_What is needed_
Using the records below, write out only the lines from the line containing "映衬在蓝天白云下的晨光湖" up to and including the line containing "ڈاؤ یونیورسٹی اسپتال", exactly, with no pictures.

_Information supplied_
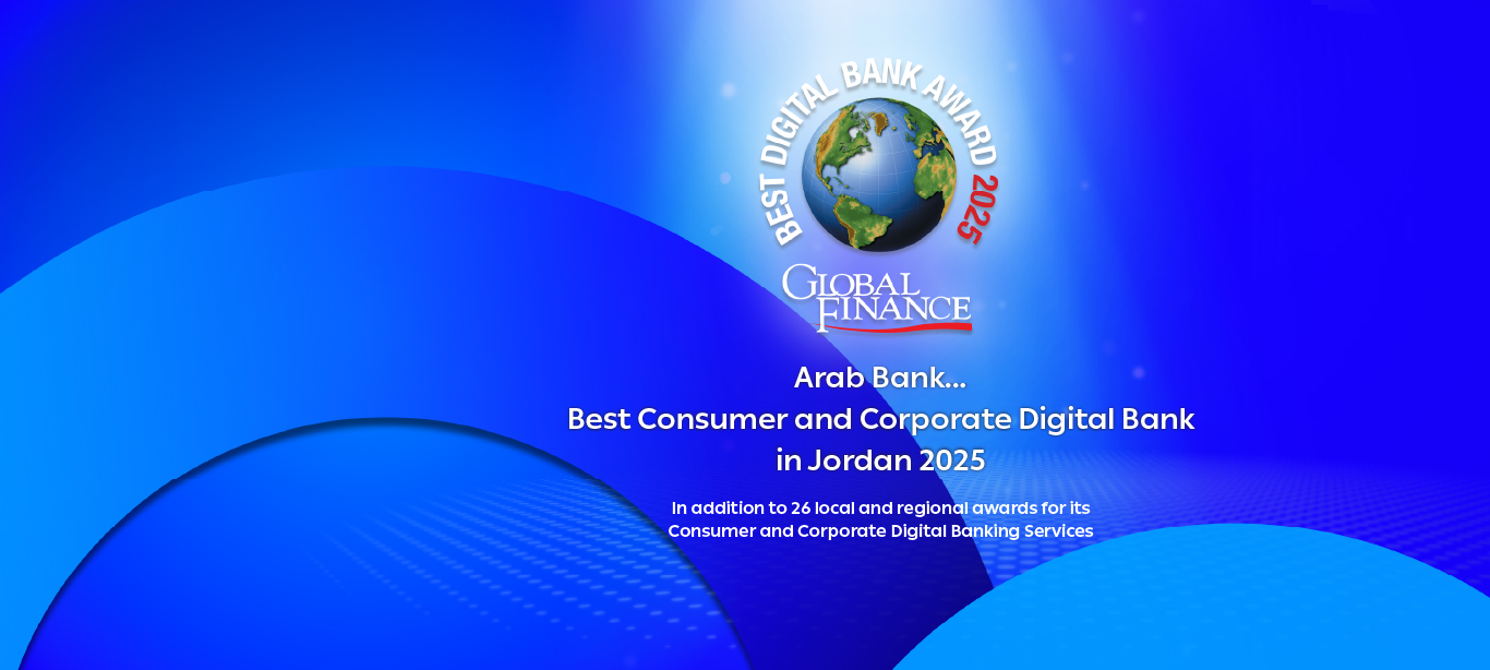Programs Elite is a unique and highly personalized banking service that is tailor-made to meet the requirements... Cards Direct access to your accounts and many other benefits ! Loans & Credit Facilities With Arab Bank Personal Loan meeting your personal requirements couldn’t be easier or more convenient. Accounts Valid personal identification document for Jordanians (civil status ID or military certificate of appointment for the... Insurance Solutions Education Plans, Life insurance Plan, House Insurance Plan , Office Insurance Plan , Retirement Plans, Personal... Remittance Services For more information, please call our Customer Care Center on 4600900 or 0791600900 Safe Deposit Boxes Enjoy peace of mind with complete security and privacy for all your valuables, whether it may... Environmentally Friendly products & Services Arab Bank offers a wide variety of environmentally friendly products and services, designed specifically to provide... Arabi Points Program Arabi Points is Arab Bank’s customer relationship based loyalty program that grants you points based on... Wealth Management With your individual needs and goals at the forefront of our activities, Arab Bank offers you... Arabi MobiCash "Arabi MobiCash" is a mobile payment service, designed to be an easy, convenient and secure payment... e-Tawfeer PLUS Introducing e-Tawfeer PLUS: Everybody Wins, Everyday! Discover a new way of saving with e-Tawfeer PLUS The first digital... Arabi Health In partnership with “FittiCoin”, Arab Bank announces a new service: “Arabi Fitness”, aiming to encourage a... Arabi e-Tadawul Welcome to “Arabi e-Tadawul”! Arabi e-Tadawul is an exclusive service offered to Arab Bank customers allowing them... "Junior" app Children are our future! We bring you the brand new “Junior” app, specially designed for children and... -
...
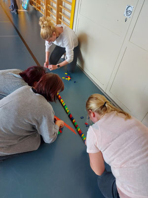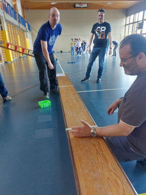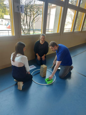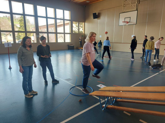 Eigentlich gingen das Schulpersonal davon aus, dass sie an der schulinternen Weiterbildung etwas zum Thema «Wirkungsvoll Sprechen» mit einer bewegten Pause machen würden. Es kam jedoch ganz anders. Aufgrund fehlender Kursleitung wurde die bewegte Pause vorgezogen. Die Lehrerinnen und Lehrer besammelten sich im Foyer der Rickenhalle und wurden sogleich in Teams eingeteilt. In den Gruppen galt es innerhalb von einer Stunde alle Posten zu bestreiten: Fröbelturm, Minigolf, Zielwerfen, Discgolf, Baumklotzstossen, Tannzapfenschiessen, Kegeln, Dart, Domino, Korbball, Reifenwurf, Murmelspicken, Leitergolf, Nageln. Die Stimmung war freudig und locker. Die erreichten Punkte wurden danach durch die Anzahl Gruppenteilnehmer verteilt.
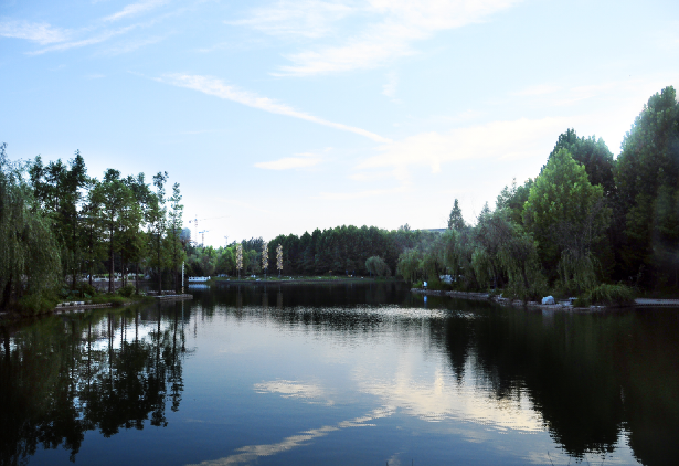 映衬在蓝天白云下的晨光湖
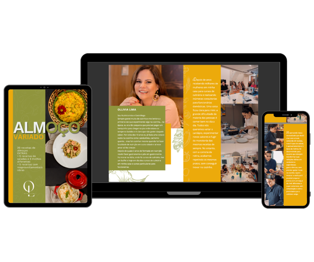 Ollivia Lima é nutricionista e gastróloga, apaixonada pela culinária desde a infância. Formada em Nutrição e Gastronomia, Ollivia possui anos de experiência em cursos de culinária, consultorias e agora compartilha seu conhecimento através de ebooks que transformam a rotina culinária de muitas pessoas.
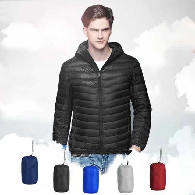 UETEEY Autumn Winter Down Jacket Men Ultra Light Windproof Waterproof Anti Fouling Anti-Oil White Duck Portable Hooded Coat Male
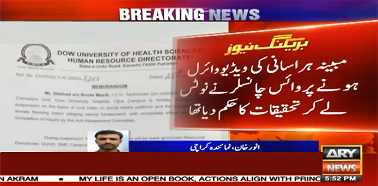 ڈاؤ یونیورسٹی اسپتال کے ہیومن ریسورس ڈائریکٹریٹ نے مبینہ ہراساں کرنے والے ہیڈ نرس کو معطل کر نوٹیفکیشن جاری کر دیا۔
--
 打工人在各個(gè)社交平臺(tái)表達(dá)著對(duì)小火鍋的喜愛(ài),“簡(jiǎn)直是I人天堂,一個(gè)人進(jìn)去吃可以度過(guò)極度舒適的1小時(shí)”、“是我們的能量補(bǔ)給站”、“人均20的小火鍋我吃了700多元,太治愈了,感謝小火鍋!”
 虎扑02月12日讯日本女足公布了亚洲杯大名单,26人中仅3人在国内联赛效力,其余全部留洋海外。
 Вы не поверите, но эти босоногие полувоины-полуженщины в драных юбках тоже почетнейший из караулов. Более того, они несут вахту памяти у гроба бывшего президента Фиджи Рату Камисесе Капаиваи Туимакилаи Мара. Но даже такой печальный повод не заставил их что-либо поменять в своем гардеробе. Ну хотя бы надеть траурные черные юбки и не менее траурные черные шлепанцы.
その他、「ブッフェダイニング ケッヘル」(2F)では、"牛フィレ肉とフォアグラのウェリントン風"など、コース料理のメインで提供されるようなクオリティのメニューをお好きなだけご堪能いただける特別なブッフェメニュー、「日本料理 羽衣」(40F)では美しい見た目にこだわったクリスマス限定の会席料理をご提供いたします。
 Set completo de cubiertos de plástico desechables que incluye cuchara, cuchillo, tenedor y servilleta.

_Answer section_
 映衬在蓝天白云下的晨光湖
 Ollivia Lima é nutricionista e gastróloga, apaixonada pela culinária desde a infância. Formada em Nutrição e Gastronomia, Ollivia possui anos de experiência em cursos de culinária, consultorias e agora compartilha seu conhecimento através de ebooks que transformam a rotina culinária de muitas pessoas.
 UETEEY Autumn Winter Down Jacket Men Ultra Light Windproof Waterproof Anti Fouling Anti-Oil White Duck Portable Hooded Coat Male
 ڈاؤ یونیورسٹی اسپتال کے ہیومن ریسورس ڈائریکٹریٹ نے مبینہ ہراساں کرنے والے ہیڈ نرس کو معطل کر نوٹیفکیشن جاری کر دیا۔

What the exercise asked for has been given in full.